Prudence formed her mauve-lined lips into a faint moue of distaste.  “Did she? Well.  They certainly are interesting.”  She laid them on the table and hugged her granddaughter.  “Thank you, sweetheart.  That was very thoughtful of you.”  Elsie beamed.

Then my mother-in-law turned and pinched Nick’s cheek.  Her powdered brow furrowed as she looked up at me.  “He’s looking kind of skinny, Margie.  Are you sure you’re feeding him enough?”

I pasted on a smile.  “He must have inherited your great metabolism, Prue.  I just took him for his annual checkup.  He’s doing fine.”

She eyed him critically.  “It’s not all metabolism, my dear.  It’s willpower.”  She sighed.  “Well, we’ll get him a big, fat steak tonight, anyway.”

I bit my tongue and turned to my father-in-law.  He was a quiet, benevolent presence in my in-laws’ household, and I’d grown quite fond of him over the last eight years.  As I watched, he squatted down and enfolded Elsie into a big hug.  “How’s my favorite girl?” he asked.

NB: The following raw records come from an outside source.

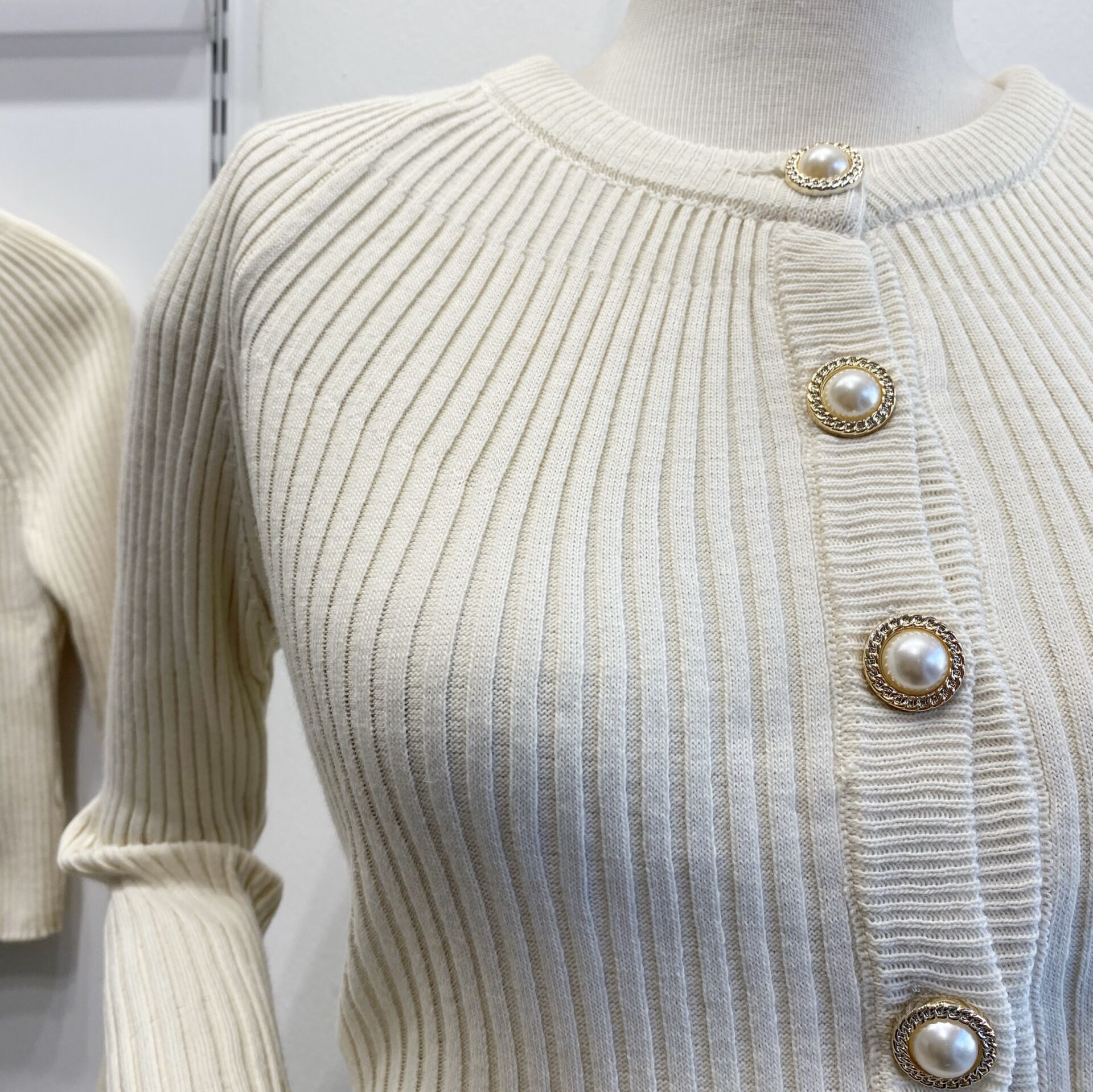 İnci Düğmeli Krem İspanyol Kol Hırka
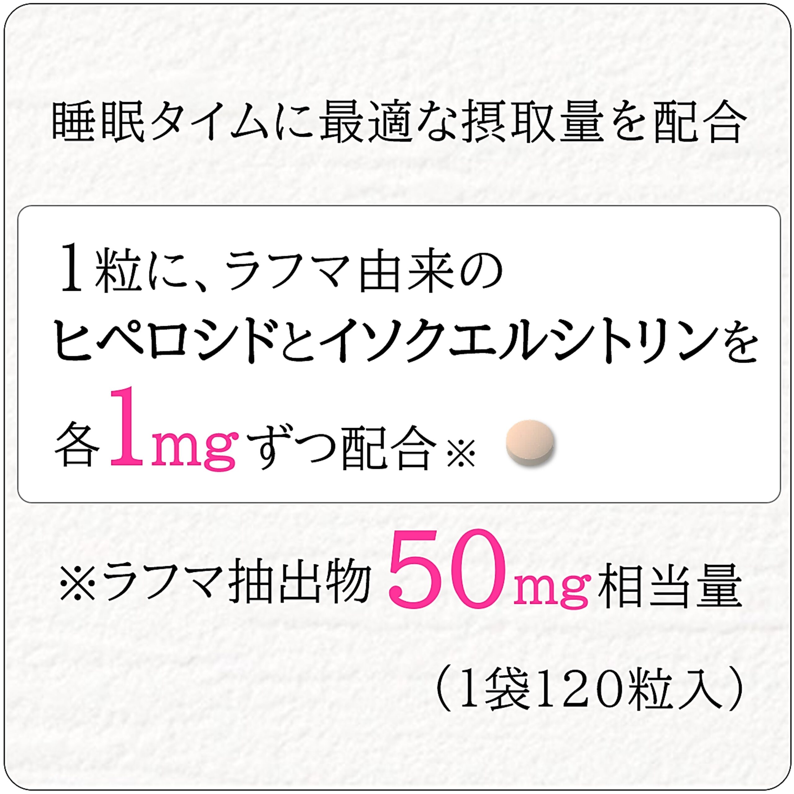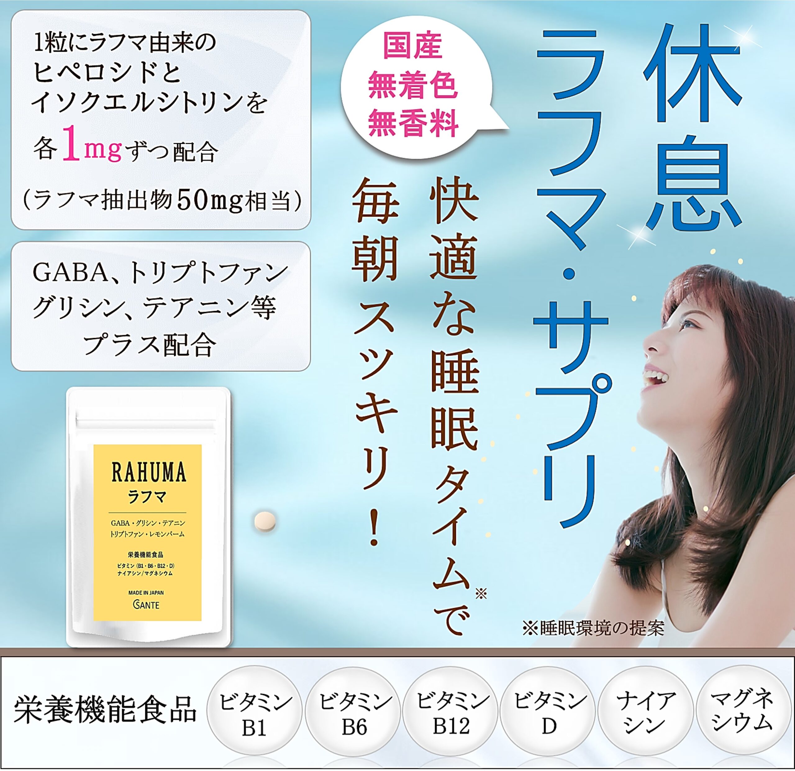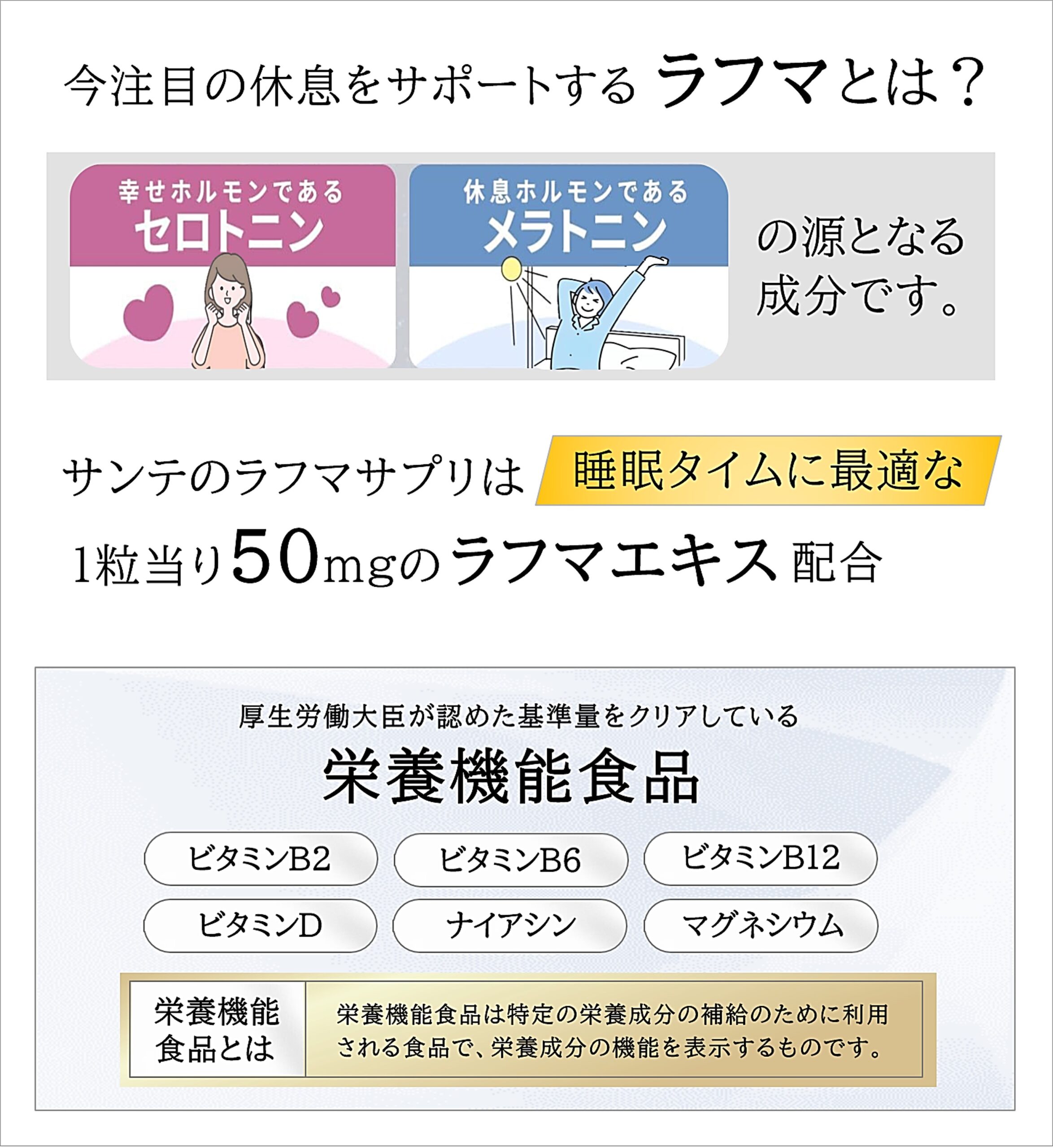 - 日本サンテのラフマサプリは、睡眠タイムに最適な1粒あたりにラフマエキスを50mg配合。(ラフマ由来のヒペロシドとイソクエルシトリン各1mg)
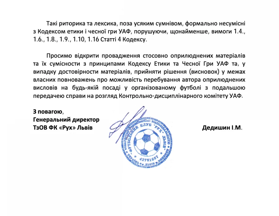 Нагадаємо, раніше подібного листа у Комітет надіслав і президент Олімпіка Владислав Гельзін. Керівника донецького клубу обурили висловлювання, імовірно, голови Комітету арбітрів у телеграм-каналі УАФ. За його словами, італієць у спілкуванні зі своїми підлеглими – арбітрами УПЛ, Першої та Другої ліг – не добирав слів: презирливо ставився до України, людей в українському футболі, керівників, функціонерів, гравців, тренерів, президентів і капітанів команд. Гельзін навіть анонсував прес-конференцію, на якій всі ці факти буде представлено громадськості.
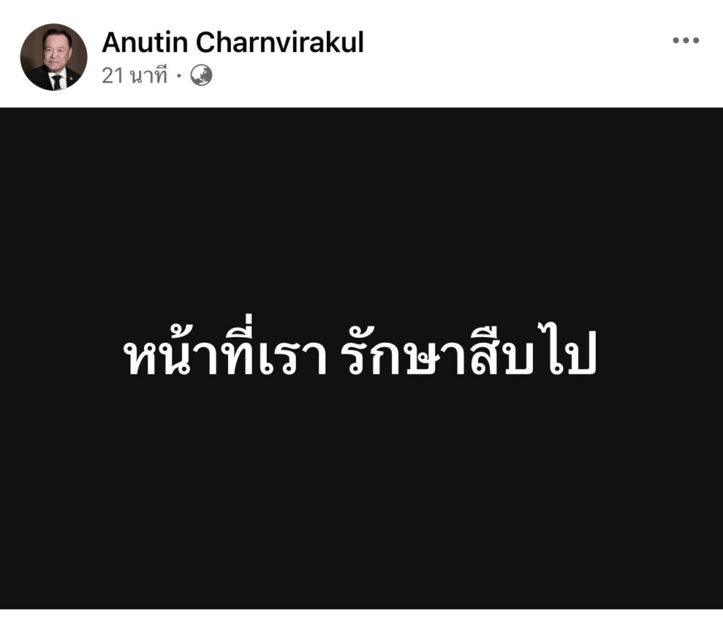 เมื่อเวลา 11.40 น. วันที่ 8 ธ.ค. นายอนุทิน ชาญวีรกูล นายกรัฐมนตรีและรมว.มหาดไทย โพสต์ข้อความผ่านเฟซบุ๊กระบุว่า “หน้าที่เรา รักษาสืบไป” ผู้สื่อข่าวรายงานว่า ข้อความดังกล่าวเป็นท่องหนึ่งของเพลงพระราชนิพนธ์ “เราสู้” ของรัชกาลที่ 9 ซึ่งเป็นเพลงปลุกใจที่ทรงพระราชทานเป็นของขวัญปีใหม่ให้แก่ทหาร อาสาสมัคร และตำรวจชายแดน
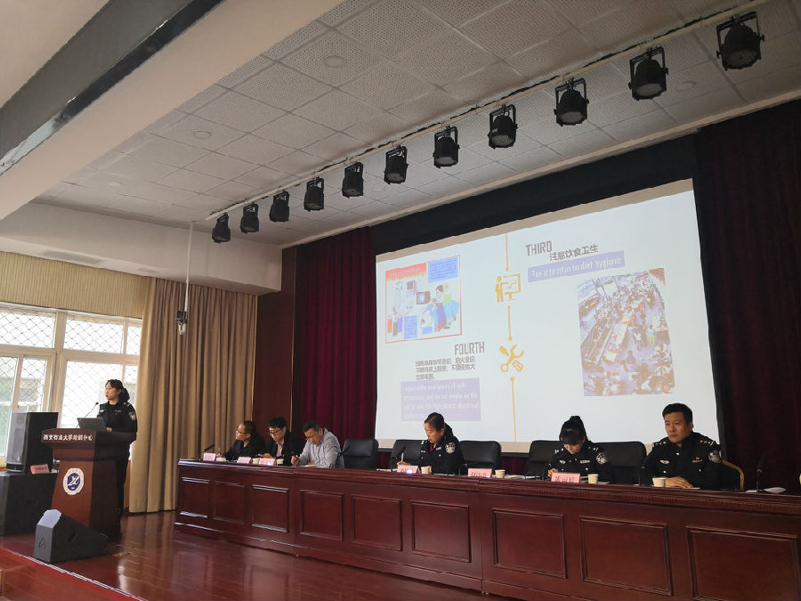 西安市公安局出入境管理局警官首先介紹了中國(guó)涉外相關(guān)法律法規(guī),然后針對(duì)外國(guó)留學(xué)生特點(diǎn)、結(jié)合真實(shí)案例,用深入淺出的語(yǔ)言就宗教信仰、交通安全、人身財(cái)產(chǎn)安全、禁毒防毒、簽證辦理等方面進(jìn)行了詳細(xì)講解,給留學(xué)生在華學(xué)習(xí)、生活等方面提出了很好的指導(dǎo)與建議。
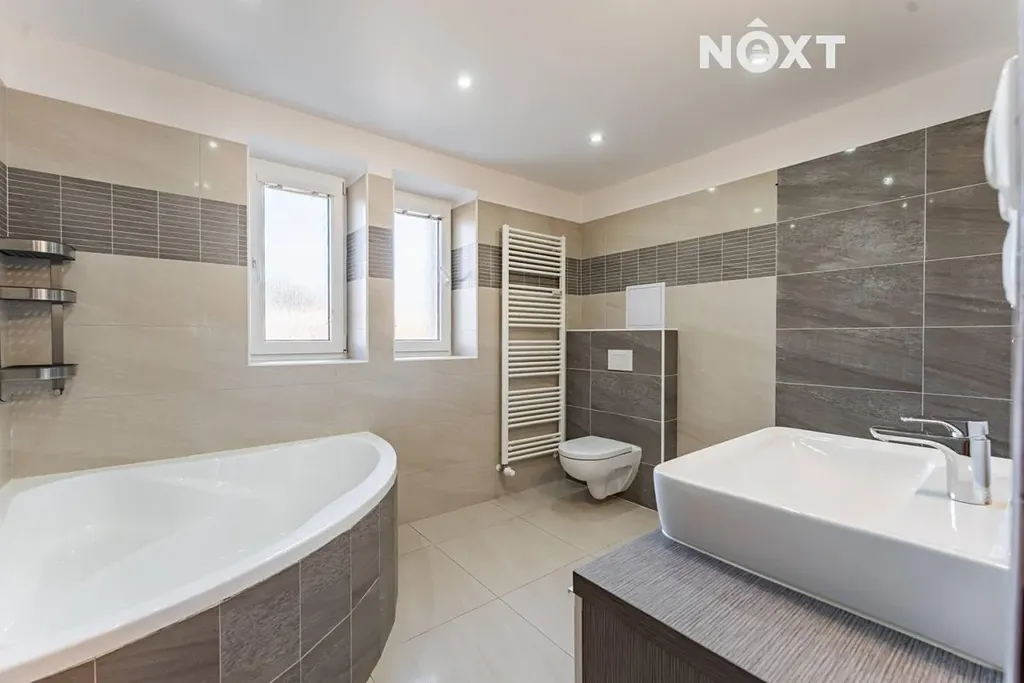 V bytě najdete koupelnu s vanou a toaletou, kde je dostatek místa pro pračku i sušičku. Dále prostornou kuchyň vybavenou moderními spotřebiči – myčkou, novou lednicí, plynovou varnou deskou a elektrickou troubou. Z chodby je také přístup do obývacího pokoje a druhého pokoje.
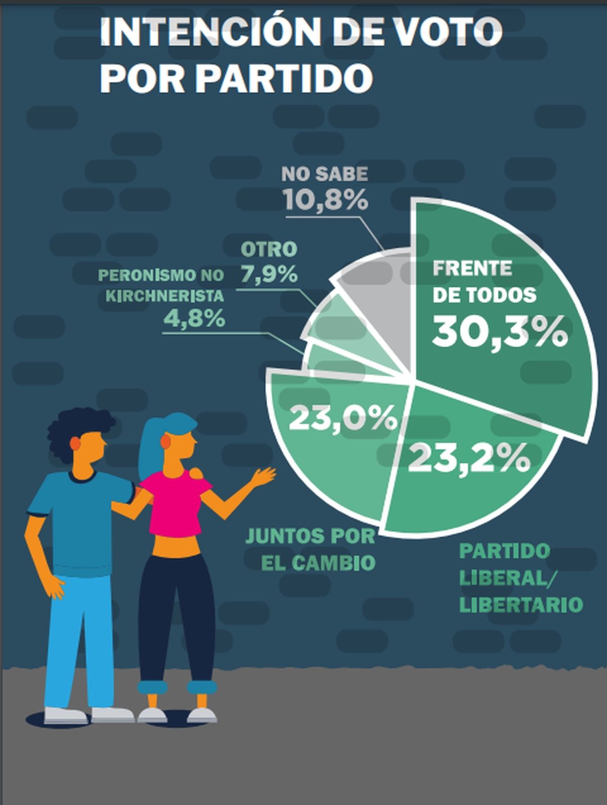 De acuerdo a la encuesta, entre el electorado joven la intención de voto por partido muestra al kirchnerismo del Frente de Todos con 30,3%; a Juntos por el Cambio con 23,0%; a La Libertad Avanza de Javier Milei con 23,2% y el peronismo no kirchnerista con 4,8%.

“Good, Grandpa.  Do they have spaghetti here? Because Lady likes spaghetti.”

Uh-oh.

But Grandpa took it in stride.  “Oh, so you’re Lady today?” He chuckled.  “Well, Lady, we can order whatever you like.”

Phil stood up and pulled me into a brief hug.  “You’re looking lovely tonight, Margie.  Thank you for coming to meet us.”

I flushed.  My black pants were still wrinkled. Some had yanked them off of their hanger, and I had found them crammed into the corner of my closet.  The blouse was one I had bought in better, slimmer times, and I was just praying the buttons would hold. 

“Thanks,” I said.  “I wouldn’t have missed it.”  We all took our places at the table, and after I had distributed crayons and coloring books to Elsie and Nick, I turned to Phil, who was sitting to my right.  “How’s work?”

“Oh, same-old same-old,” he said.  Although retirement age had come and gone for Phil, he continued to put in fifty-plus hours a week at 3M.  He said it was so he could keep up with his wife’s spending habits, but I harbored the private suspicion that he just couldn’t face twenty-four hours a day at home with her. “How about you?” he said.  “I heard you got a part-time job.”

Before I had a chance to answer, Prudence leaned toward me.  “Margie, darling, I was wondering if you wanted to help me organize the Junior League fashion show.  I know decorating’s not your thing, but we could really use help addressing and stamping the invitations, and arranging for rentals.”

The Junior League again? I shot Blake a look, but he was focusing on arranging his napkin in his lap.  “Actually,” I said, “I’m really pretty busy right now.”  I had nothing against the Junior League Fashion Show. After all, it consumed my mother-in-law’s attention for fully half of each year, for which I was grateful. But I just wasn’t very interested in clothes or fancy events.  Or in the Junior League itself.

“It’ll be so much fun,” she said.  “Bitsy McEwan’s debuting her new line,” she said.  “All the profits go to charity, of course.”

“How nice,” I said. 

Blake perked up.  “She is?”  He turned to me.  “You should think about it, Margie.  It’s a good networking opportunity.  It could really help with my career.”  Of course.  In addition to being the president of the Junior League and a budding fashion designer, Bitsy McEwan was married to Herb McEwan, one of the founding partners of my husband’s law firm.